Looking at the kernel messages it looks like everything is OK
[ 4.404950] nvidia: loading out-of-tree module taints kernel.
[ 4.404956] nvidia: module license 'NVIDIA' taints kernel.
[ 4.414450] nvidia: module verification failed: signature and/or required key missing - tainting kernel
[ 4.457216] nvidia-nvlink: Nvlink Core is being initialized, major device number 235
[ 4.458080] nvidia 0000:01:00.0: vgaarb: changed VGA decodes: olddecodes=io+mem,decodes=none:owns=none
[ 4.486132] input: HDA NVidia HDMI/DP,pcm=3 as /devices/pci0000:00/0000:00:01.0/0000:01:00.1/sound/card2/input12
[ 4.486180] input: HDA NVidia HDMI/DP,pcm=7 as /devices/pci0000:00/0000:00:01.0/0000:01:00.1/sound/card2/input13
[ 4.486224] input: HDA NVidia HDMI/DP,pcm=8 as /devices/pci0000:00/0000:00:01.0/0000:01:00.1/sound/card2/input14
[ 4.486255] input: HDA NVidia HDMI/DP,pcm=9 as /devices/pci0000:00/0000:00:01.0/0000:01:00.1/sound/card2/input15
[ 4.486274] input: HDA NVidia HDMI/DP,pcm=3 as /devices/pci0000:00/0000:00:01.1/0000:02:00.1/sound/card3/input16
[ 4.486351] input: HDA NVidia HDMI/DP,pcm=7 as /devices/pci0000:00/0000:00:01.1/0000:02:00.1/sound/card3/input17
[ 4.486372] input: HDA NVidia HDMI/DP,pcm=8 as /devices/pci0000:00/0000:00:01.1/0000:02:00.1/sound/card3/input18
[ 4.486395] input: HDA NVidia HDMI/DP,pcm=9 as /devices/pci0000:00/0000:00:01.1/0000:02:00.1/sound/card3/input19
[ 4.502434] nvidia 0000:02:00.0: vgaarb: changed VGA decodes: olddecodes=io+mem,decodes=none:owns=none
[ 4.545344] NVRM: loading NVIDIA UNIX x86_64 Kernel Module 550.54.15 Tue Mar 5 22:23:56 UTC 2024
[ 4.548273] nvidia-modeset: Loading NVIDIA Kernel Mode Setting Driver for UNIX platforms 550.54.15 Tue Mar 5 21:59:57 UTC 2024
[ 4.551253] [drm] [nvidia-drm] [GPU ID 0x00000100] Loading driver
[ 4.551254] [drm] Initialized nvidia-drm 0.0.0 20160202 for 0000:01:00.0 on minor 0
[ 4.551275] [drm] [nvidia-drm] [GPU ID 0x00000200] Loading driver
[ 4.551276] [drm] Initialized nvidia-drm 0.0.0 20160202 for 0000:02:00.0 on minor 1
Both cards are recognized, etc. I don’t see anything too worrisome but also don’t have extensive experience with the idiosyncrasies of Rocky / RHEL.

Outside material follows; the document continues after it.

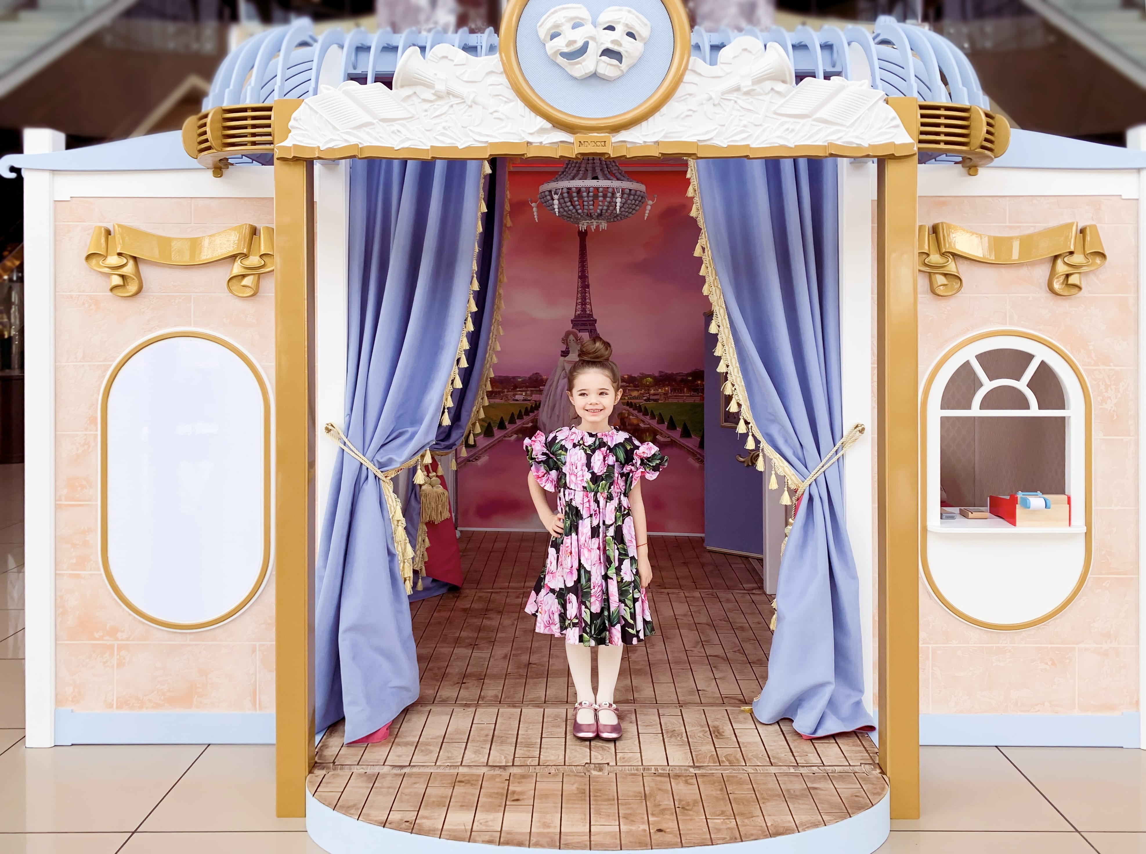 Игровой домик «Театр» включает в себя все составляющие настоящего храма Мельпомены: помимо основной и авансцены с кулисами в его конструкции предусмотрены также гардеробная для костюмов, гримерная с туалетным столиком и даже небольшое пространство с зеркалом и балетным станком для репетиций.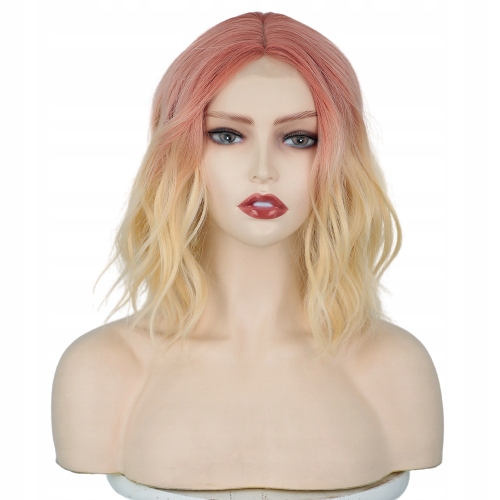 Парики волос блондинка розовый длинный боб волны на сетке W66

I have resorted to the often-cited Chapter 8 and started messing around with the kernel flags but haven’t found anything quite satisfying yet (and, in one case I apparently damaged things so much I couldn’t even ssh back in or boot in recovery from grub and had to do my fun-filled manual foo from a USB to get it back alive).
My question - any other suggestions for tracking this down? Like I said, setting the kernel parameters seems to be an OK approach, but I’m still not loving it since I don’t want to lose contact with the machine again :/
(fun edit) Checking to see if SLI was activated via nvidia-settings -q all | grep -I sli locked the machine up! Weee!